Task item
Beginning at the top of the entries below, retype each line exactly until the line containing "Popis: prošlá 1907;" has been written out; include no pictures and no later lines.
---------- Data under study
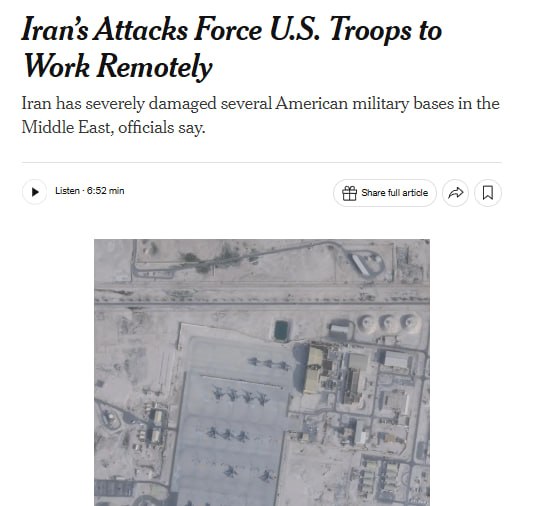 Удары Ирана по базам США на Ближнем Востоке вынудили американских военных покинуть ряд объектов и работать удаленно, — The New York Times.
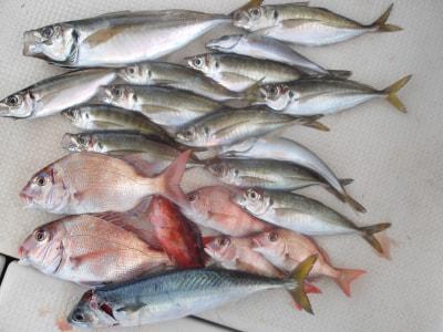 マアジ | 25〜45cm | 14匹 | 胴付き3本針 | 青虫・オキアミ |
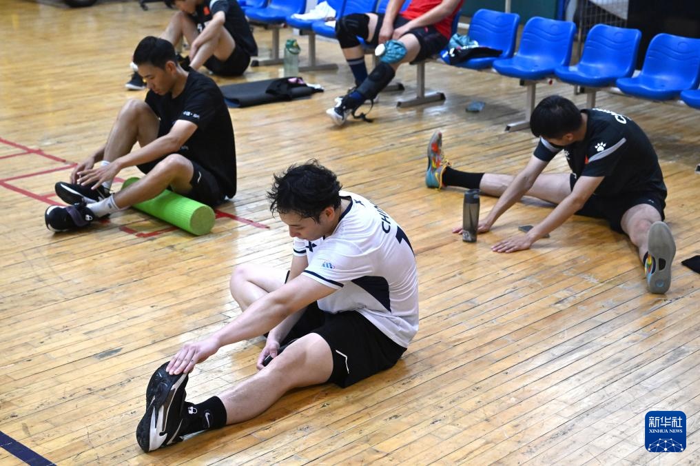 中國(guó)國(guó)家荷球隊(duì)球員在鄭州大學(xué)集訓(xùn)時(shí)進(jìn)行拉伸(7月10日攝)。新華社記者 李嘉南 攝
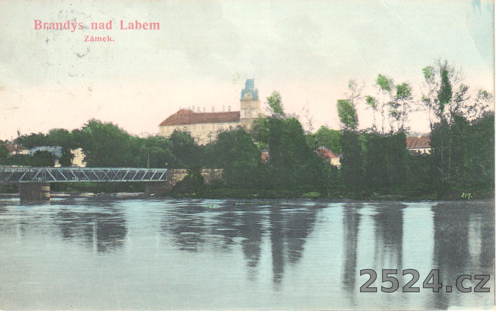 Popis: prošlá 1907; pohled na zámek přes Labe a železný most
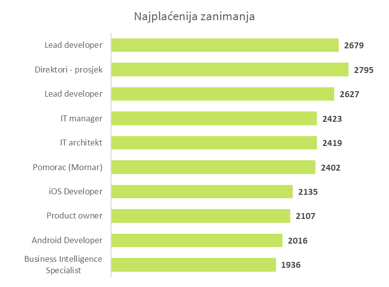 Osim menadžerskih zanimanja, gdje su plaće u prosjeku 126% više od prosječne, najplaćenija zanimanja su i dalje ona iz područja tehnologije i razvoja (34% više od prosjeka).
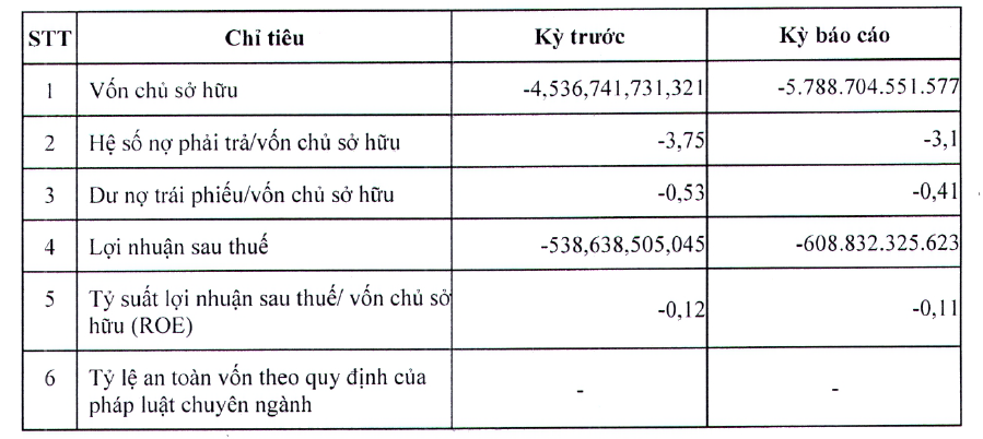 Trong khi đó, vốn chủ sở hữu của Xi măng Công Thanh là âm 5.788 tỷ đồng, giảm tới 1.252 tỷ đồng, tương ứng giảm gần 22% so với cùng kỳ năm 2022. Hệ số nợ phải trả/vốn chủ sở hữu của công ty ở mức 3,1 tương ứng nợ phải trả khoảng 17.963 tỷ đồng, tăng 2% so với thời điểm cuối năm 2022. Dư nợ trái phiếu/vốn chủ sở hữu là -0,41, tương đương dư nợ trái phiếu khoảng 2.368 tỷ đồng.
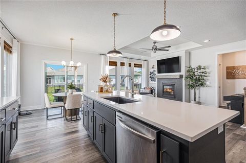 PRICE IMPROVEMENT and Quick Close Available! Skip the wait on new construction - this 4 bed, 3 bath Magnolia plan in sought-after Dayton Creek is move-in ready with designer lighting, fenced backyard, and finished basement. Spacious great room with 10' tray ceilings, fireplace, and oversized windows. Expanded kitchen with large island, walk-in pantry, and dining area that opens to a covered patio. Main-floor primary suite with spa-like bath, walk-in closet, and laundry access. Lower level includes rec room, 2 bedrooms, full bath, and a finished flex space prepped for golf simulator (simulator not included). Lawn care and snow removal provided. Enjoy walking trails, pickleball, pool, clubhouse, and new elementary school nearby.
--------------------
Written answer
 Удары Ирана по базам США на Ближнем Востоке вынудили американских военных покинуть ряд объектов и работать удаленно, — The New York Times.
 マアジ | 25〜45cm | 14匹 | 胴付き3本針 | 青虫・オキアミ |
 中國(guó)國(guó)家荷球隊(duì)球員在鄭州大學(xué)集訓(xùn)時(shí)進(jìn)行拉伸(7月10日攝)。新華社記者 李嘉南 攝
 Popis: prošlá 1907; pohled na zámek přes Labe a železný most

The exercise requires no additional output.